The tools and techniques used for the study have its own inherent limitations.
The study doesn't take place in the area of capital budgeting, fund and cash flow analysis
STATEMENT OF THE PROBLEM:
The analysis of the financial statements i.e, Income statement and the balance sheet it is very difficult to analyze the complete picture of financial performance. Therefore there is a need of applying the modern tools of management accounting to access the exact financial performance and position the business enterprise.

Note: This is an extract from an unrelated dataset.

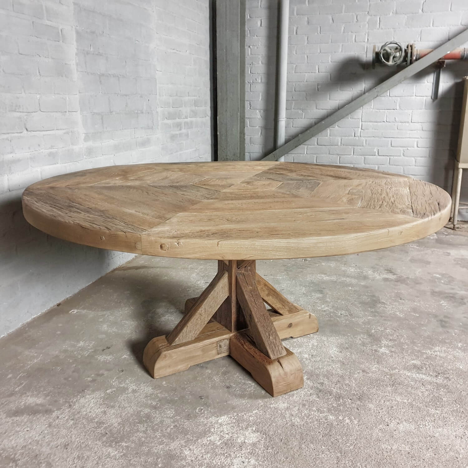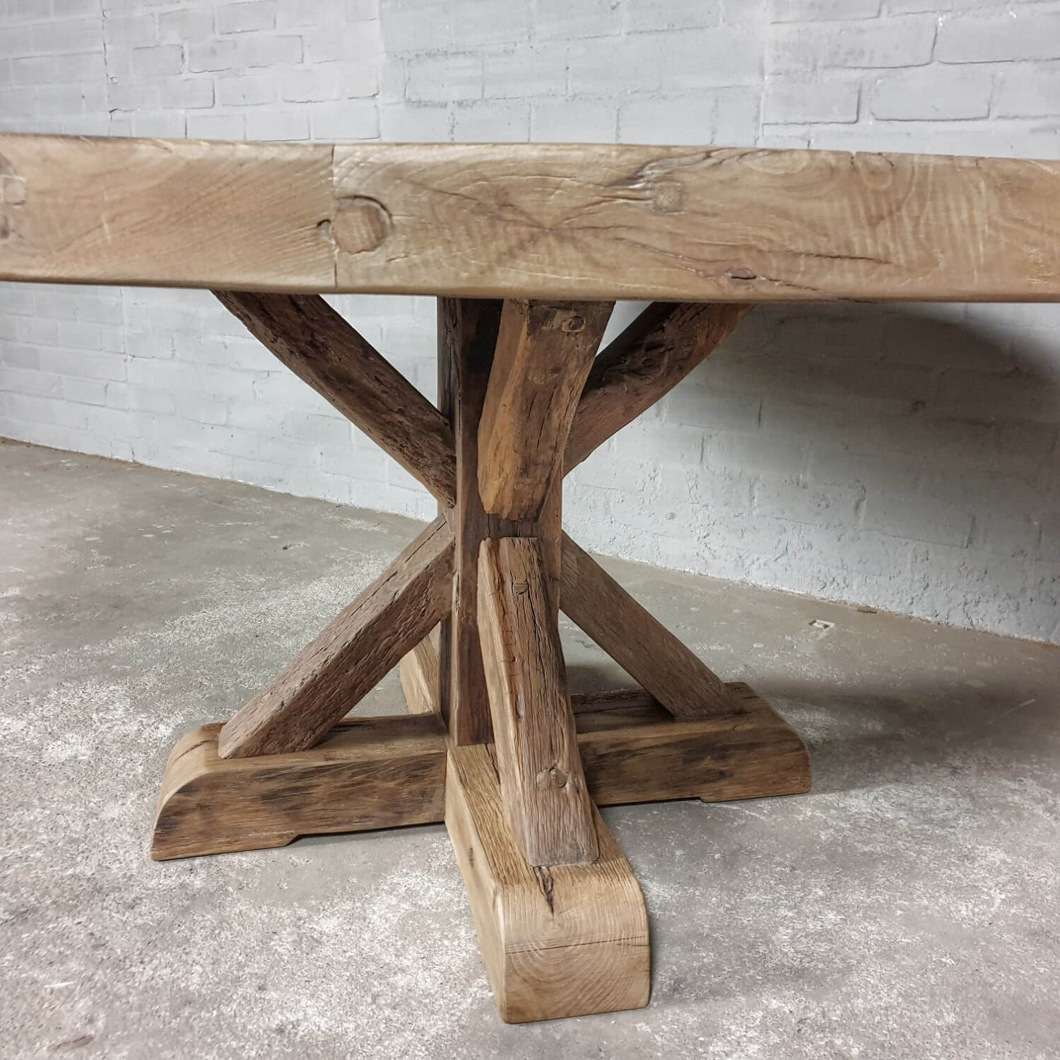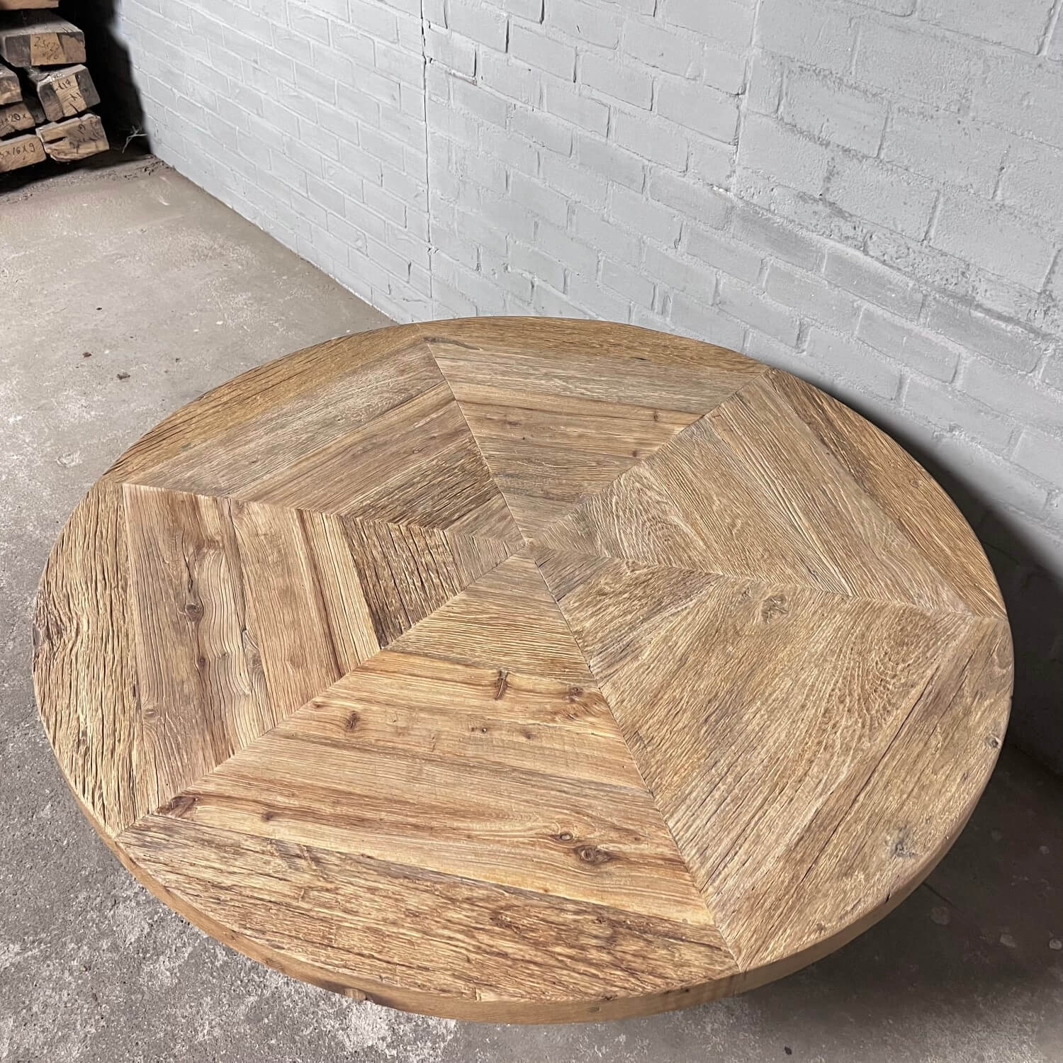 This round reclaimed oak Refectory table “Basel” is designed by ourselves and is made in our own workshop.

. Firm have some latitudes in accounting treatment like depreciation, appreciations, valuation of stocks research and development expenses, foreign exchange transactions, installment sales, preliminary and pre-operative expenses, provision of reserve and revaluation asset. Due to diversity of Accounting policies found in practice, comparative financial statement may be vitiated.

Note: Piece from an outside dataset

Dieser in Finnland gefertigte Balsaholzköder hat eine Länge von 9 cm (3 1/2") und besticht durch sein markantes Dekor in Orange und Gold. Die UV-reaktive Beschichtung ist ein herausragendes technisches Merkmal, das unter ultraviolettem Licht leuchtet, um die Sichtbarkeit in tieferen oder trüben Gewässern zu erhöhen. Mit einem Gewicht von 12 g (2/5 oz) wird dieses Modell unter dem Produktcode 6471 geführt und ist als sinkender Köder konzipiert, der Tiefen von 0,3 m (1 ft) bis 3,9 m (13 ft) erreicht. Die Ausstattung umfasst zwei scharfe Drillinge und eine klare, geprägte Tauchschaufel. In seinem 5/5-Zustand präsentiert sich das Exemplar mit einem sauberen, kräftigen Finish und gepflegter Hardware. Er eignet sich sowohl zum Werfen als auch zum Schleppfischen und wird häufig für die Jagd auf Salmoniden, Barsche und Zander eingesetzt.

But the exact worth of the financial position of the company would be better understandable only if it is subjected to analysis such as " ANALYSIS FINANCIAL STATEMENT IN BHARAT HEAVY ELECTRICALS LIMITED."
RESEARCH METHODOLOGY:
The research methodology is a way to solve the research problem. It may be understood as a science of study how research is done scientifically, we study various steps that are generally adopted by a researchers in studying his research problems along with the logic behind him. It is necessary for a researcher to know not only research but also methodology. The aim of the research is to find out the fact which is hidden and which had been discovered as yet.
RESEARCH DESIGN:
The research is based on descriptive research. The success of any research depends on its systematic design, collection, analysis and reporting as data. The result oriented latter parts i.e., design and collection of data and relevant systematic and not absolute. A research design is the arrangement of condition for collection and analysis of data in manner that aims to combine relevance to the research purpose with economy in procedure.
SAMPLE DESIGN:
Sample size:-
Hence in this research study the following samplings design was adopted to generate a true representative sample. The sample size for this study is 2008-2013 annual reports of the profit and loss account and balance sheet.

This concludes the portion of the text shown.